[Records from a data source]
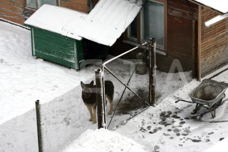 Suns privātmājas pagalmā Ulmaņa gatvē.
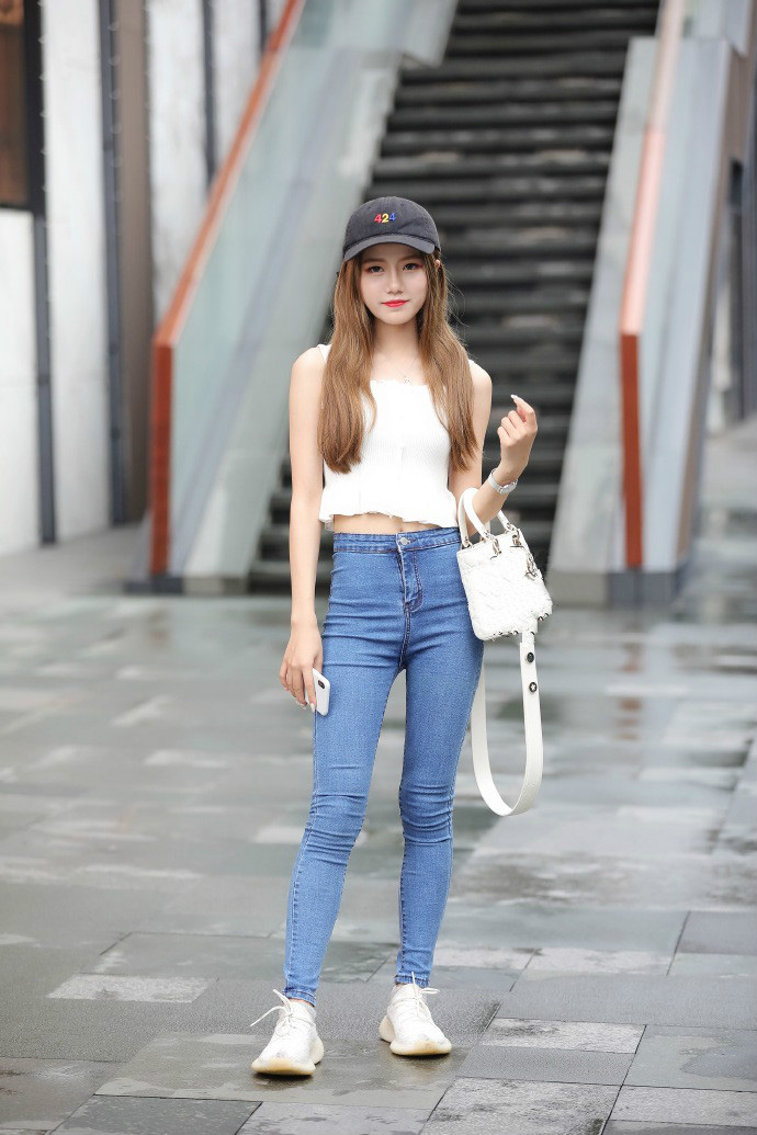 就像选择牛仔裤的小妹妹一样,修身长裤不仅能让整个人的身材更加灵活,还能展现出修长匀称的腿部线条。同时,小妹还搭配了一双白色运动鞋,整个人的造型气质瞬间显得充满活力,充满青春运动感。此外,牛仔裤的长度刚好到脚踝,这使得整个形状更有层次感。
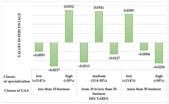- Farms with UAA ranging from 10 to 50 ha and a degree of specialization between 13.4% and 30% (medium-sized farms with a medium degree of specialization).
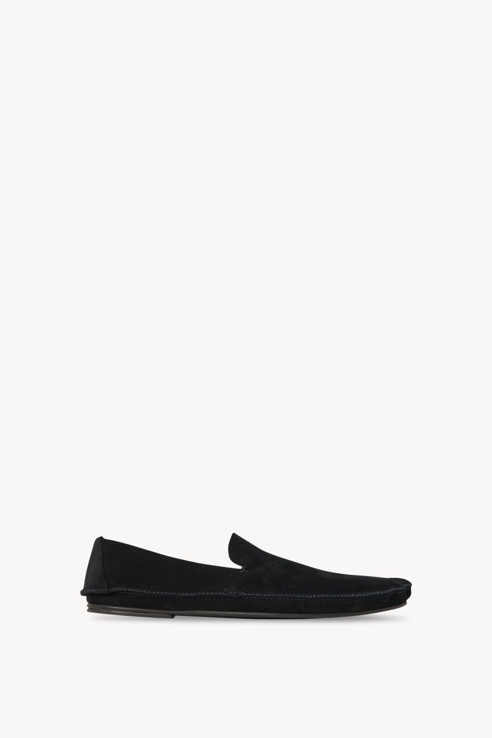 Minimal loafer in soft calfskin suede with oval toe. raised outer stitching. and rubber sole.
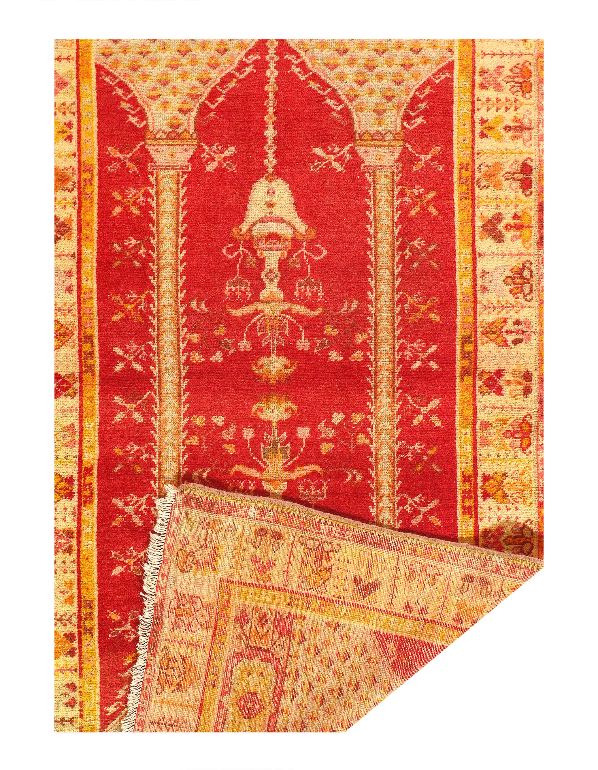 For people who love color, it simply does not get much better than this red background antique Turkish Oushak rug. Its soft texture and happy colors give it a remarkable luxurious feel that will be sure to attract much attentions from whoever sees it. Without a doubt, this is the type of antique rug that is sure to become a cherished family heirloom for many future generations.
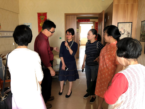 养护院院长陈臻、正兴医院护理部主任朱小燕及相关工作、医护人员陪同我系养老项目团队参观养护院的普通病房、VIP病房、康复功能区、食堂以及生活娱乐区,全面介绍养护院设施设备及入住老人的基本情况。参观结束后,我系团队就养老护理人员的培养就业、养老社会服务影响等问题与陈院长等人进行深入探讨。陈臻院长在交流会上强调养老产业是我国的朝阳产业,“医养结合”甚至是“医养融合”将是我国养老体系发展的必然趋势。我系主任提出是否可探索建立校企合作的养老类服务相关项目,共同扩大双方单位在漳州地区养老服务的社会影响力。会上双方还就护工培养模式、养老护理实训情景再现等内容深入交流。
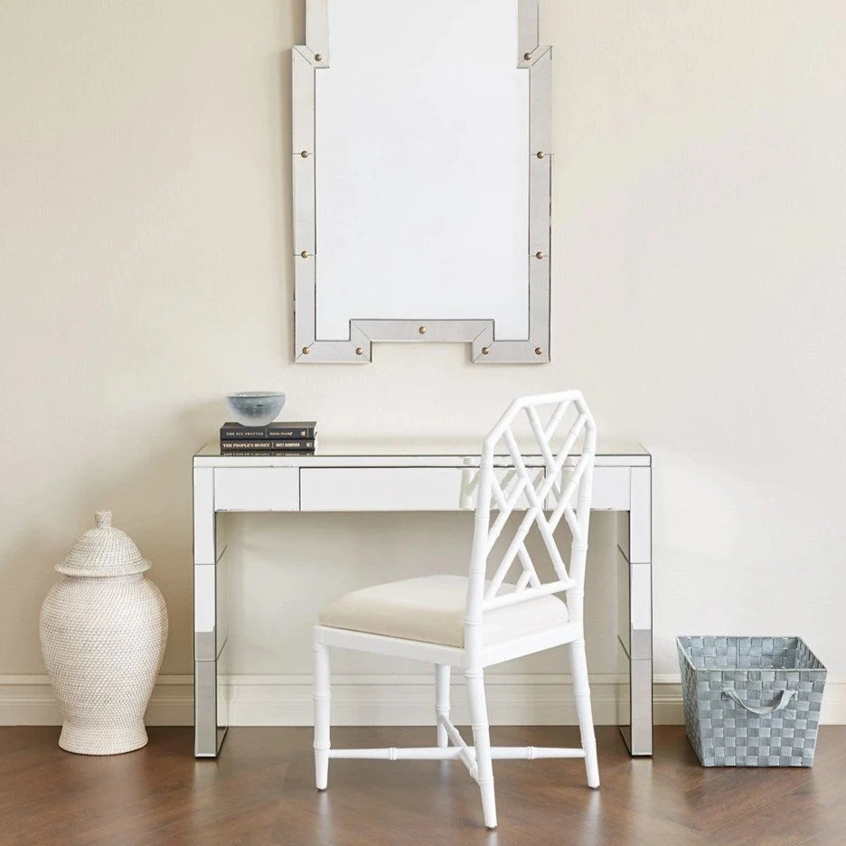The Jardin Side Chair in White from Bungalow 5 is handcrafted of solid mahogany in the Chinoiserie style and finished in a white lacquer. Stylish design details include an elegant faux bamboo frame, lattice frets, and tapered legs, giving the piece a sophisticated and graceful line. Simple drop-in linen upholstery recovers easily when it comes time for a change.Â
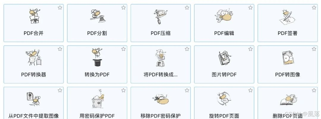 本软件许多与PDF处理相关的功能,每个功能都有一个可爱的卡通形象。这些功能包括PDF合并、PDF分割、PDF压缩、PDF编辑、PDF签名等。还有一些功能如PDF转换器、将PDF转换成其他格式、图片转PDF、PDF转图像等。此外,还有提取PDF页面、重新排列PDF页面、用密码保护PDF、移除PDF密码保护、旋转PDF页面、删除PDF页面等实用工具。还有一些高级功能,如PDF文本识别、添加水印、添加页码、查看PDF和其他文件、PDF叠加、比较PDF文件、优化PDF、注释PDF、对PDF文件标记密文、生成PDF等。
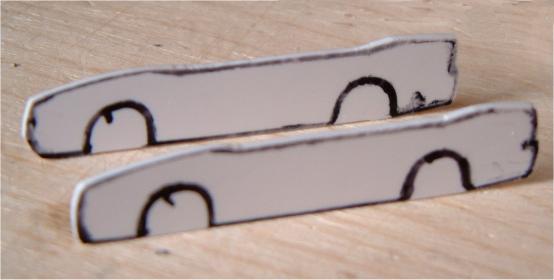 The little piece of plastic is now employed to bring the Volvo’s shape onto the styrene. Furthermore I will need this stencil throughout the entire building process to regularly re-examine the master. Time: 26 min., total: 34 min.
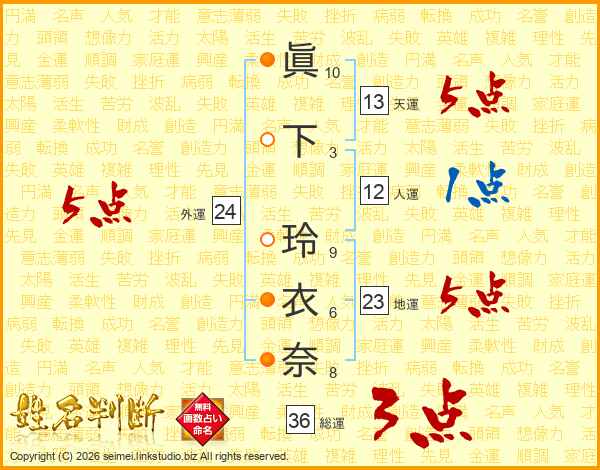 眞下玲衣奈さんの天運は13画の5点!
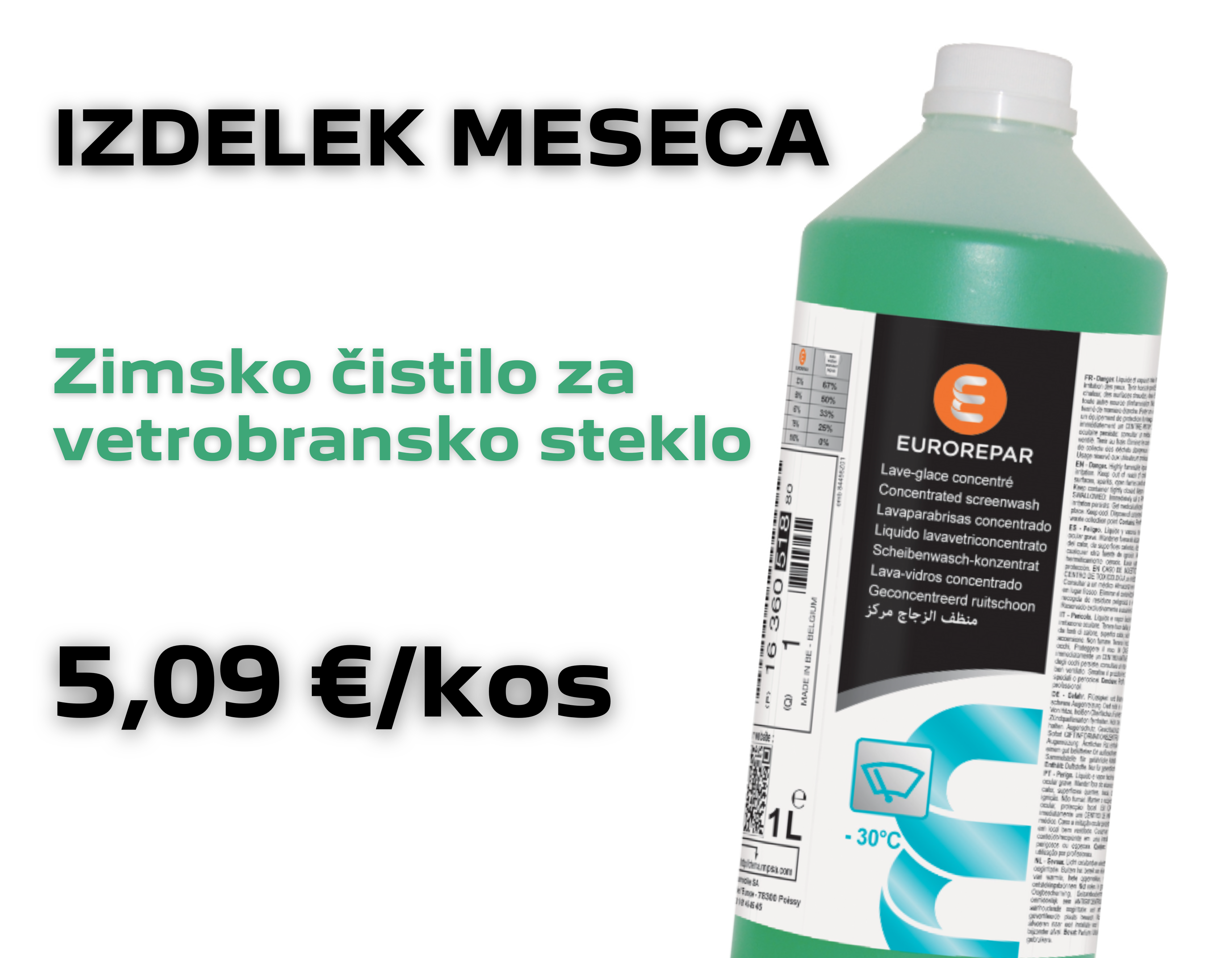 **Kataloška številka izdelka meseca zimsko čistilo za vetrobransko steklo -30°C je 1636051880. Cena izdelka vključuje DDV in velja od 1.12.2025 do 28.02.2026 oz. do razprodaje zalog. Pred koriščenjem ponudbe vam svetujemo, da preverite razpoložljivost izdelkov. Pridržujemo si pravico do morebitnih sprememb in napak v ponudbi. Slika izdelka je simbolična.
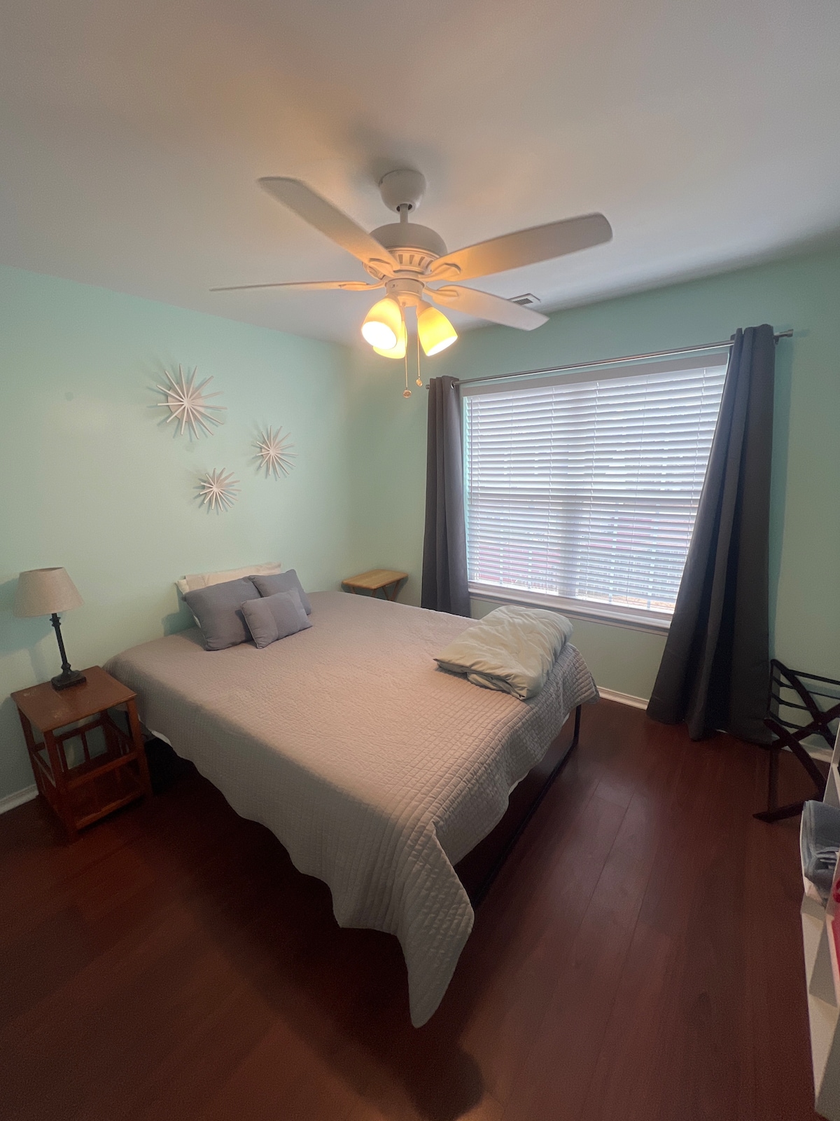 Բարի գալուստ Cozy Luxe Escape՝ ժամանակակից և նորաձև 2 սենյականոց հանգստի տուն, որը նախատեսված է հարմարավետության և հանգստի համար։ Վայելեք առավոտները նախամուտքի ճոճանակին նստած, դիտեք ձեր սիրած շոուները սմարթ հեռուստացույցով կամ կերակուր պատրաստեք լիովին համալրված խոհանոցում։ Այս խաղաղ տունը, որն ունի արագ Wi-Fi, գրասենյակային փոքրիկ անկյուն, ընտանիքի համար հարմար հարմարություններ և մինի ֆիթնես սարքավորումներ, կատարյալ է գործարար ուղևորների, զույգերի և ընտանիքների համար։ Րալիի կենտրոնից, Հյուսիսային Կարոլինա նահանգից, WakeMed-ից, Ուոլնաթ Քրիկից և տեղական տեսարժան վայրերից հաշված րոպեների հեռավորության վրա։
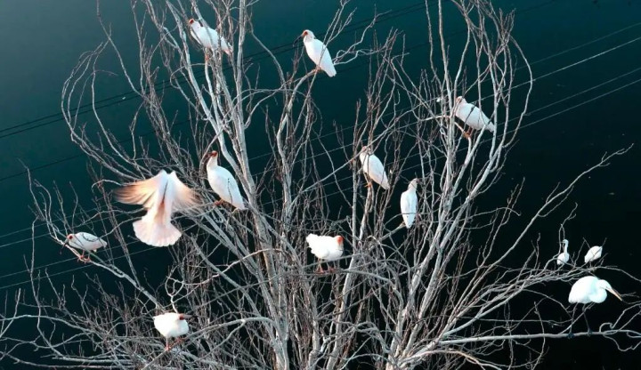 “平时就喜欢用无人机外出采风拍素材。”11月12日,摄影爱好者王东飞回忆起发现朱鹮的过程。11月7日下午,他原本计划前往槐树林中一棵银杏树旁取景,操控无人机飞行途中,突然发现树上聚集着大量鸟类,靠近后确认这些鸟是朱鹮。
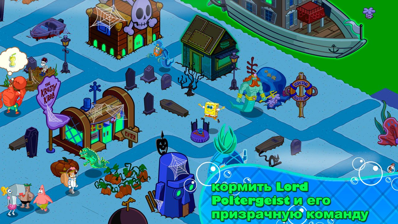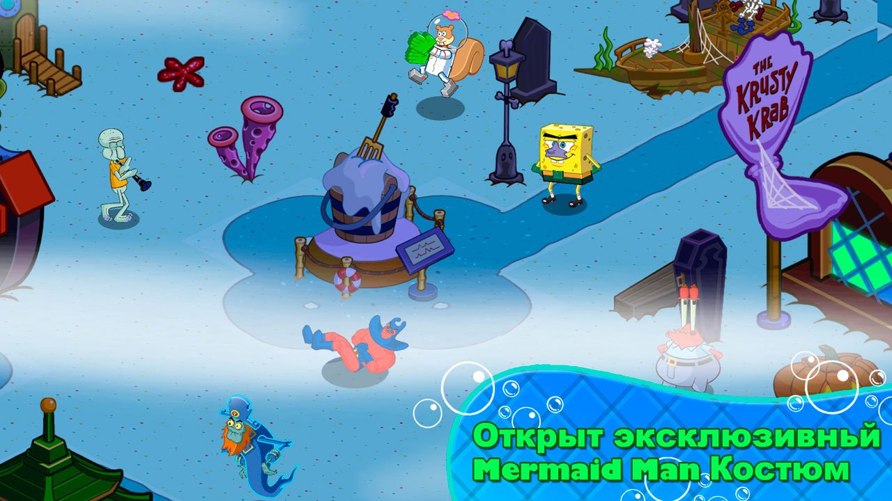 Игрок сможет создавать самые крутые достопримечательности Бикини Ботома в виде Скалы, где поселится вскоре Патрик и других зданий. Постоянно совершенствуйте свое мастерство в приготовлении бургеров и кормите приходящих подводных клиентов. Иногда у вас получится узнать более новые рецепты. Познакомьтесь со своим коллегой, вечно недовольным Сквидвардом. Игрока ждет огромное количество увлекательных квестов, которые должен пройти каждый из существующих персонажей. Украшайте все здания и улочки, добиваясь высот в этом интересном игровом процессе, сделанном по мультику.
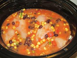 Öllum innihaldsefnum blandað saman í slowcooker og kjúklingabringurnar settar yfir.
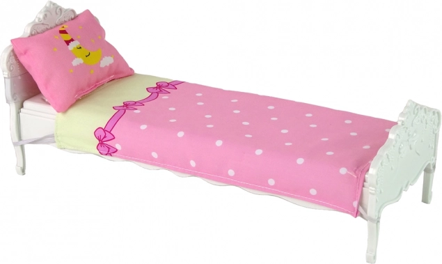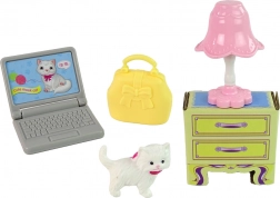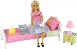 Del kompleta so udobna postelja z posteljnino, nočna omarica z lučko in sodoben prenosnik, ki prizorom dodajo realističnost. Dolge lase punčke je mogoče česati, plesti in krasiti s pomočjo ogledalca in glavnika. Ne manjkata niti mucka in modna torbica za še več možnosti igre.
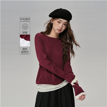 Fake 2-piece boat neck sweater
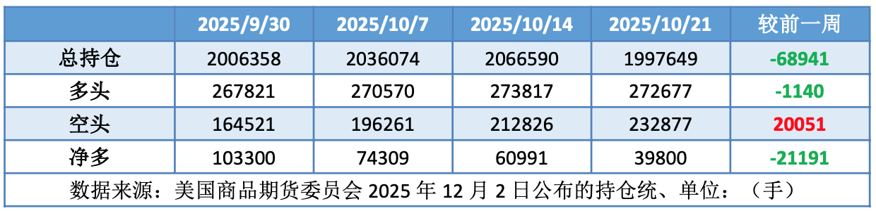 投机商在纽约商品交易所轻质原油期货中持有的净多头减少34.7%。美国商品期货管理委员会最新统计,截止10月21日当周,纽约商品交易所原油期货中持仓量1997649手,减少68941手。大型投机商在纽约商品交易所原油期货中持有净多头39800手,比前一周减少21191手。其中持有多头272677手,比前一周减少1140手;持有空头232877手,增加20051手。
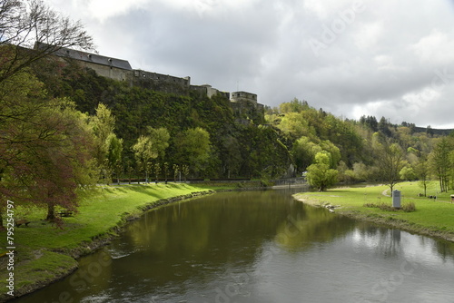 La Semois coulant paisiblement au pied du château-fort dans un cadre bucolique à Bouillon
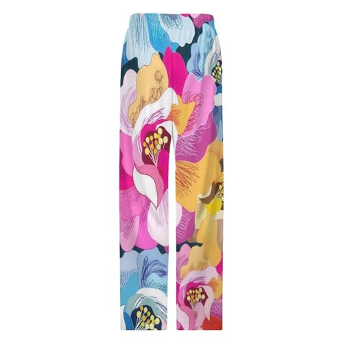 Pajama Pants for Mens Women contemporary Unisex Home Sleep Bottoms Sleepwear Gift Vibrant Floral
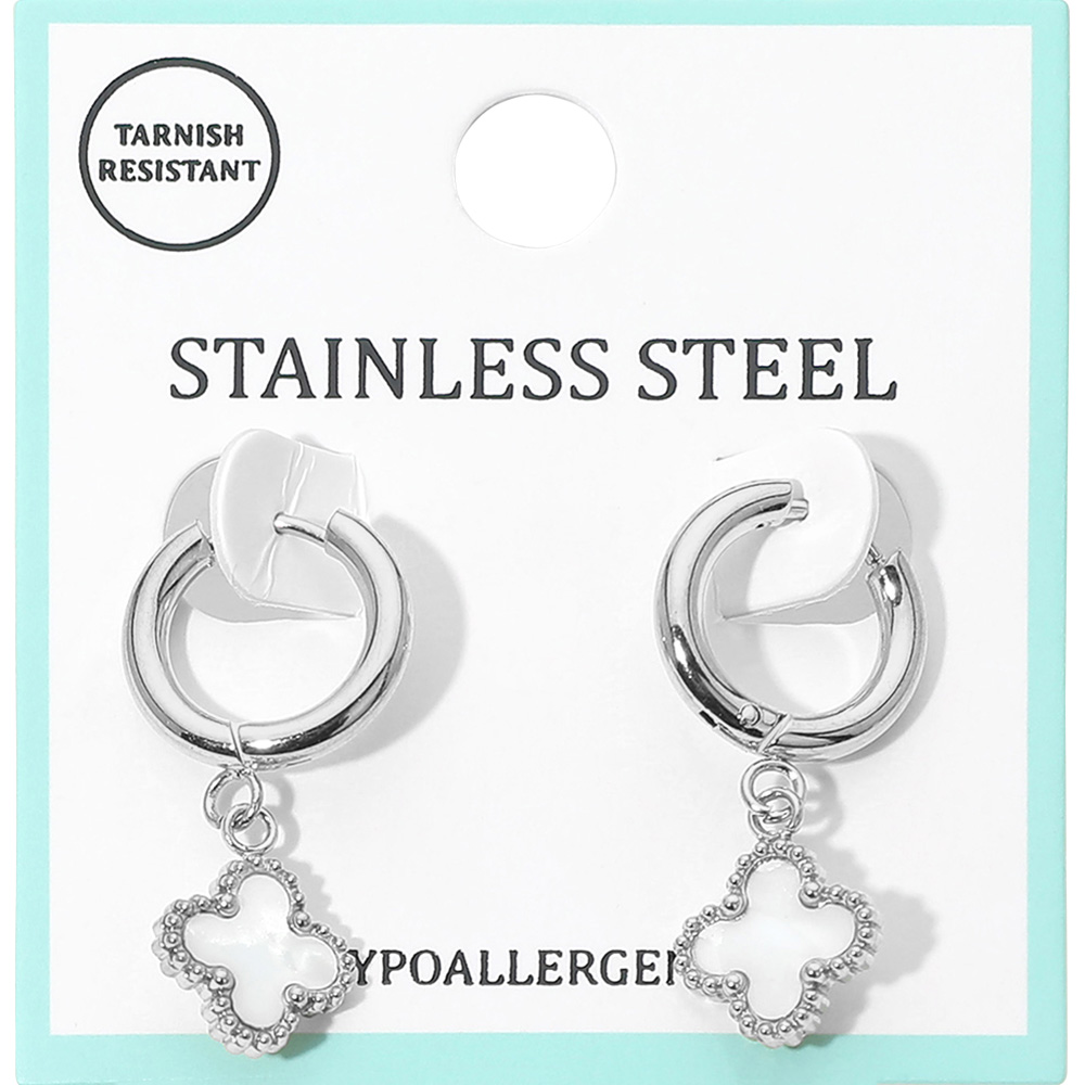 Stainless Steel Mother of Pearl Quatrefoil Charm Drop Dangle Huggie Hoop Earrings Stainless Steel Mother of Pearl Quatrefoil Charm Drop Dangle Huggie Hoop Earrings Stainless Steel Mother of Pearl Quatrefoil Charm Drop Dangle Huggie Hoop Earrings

▶ What to work on:
Line for line, output the entries above from the line with "眞下玲衣奈さんの天運は13画の5点!" to the line with "izdelka je simbolična.", both included, and nothing more. Skip pictures.

▶ Solution to the problem:
 眞下玲衣奈さんの天運は13画の5点!
 **Kataloška številka izdelka meseca zimsko čistilo za vetrobransko steklo -30°C je 1636051880. Cena izdelka vključuje DDV in velja od 1.12.2025 do 28.02.2026 oz. do razprodaje zalog. Pred koriščenjem ponudbe vam svetujemo, da preverite razpoložljivost izdelkov. Pridržujemo si pravico do morebitnih sprememb in napak v ponudbi. Slika izdelka je simbolična.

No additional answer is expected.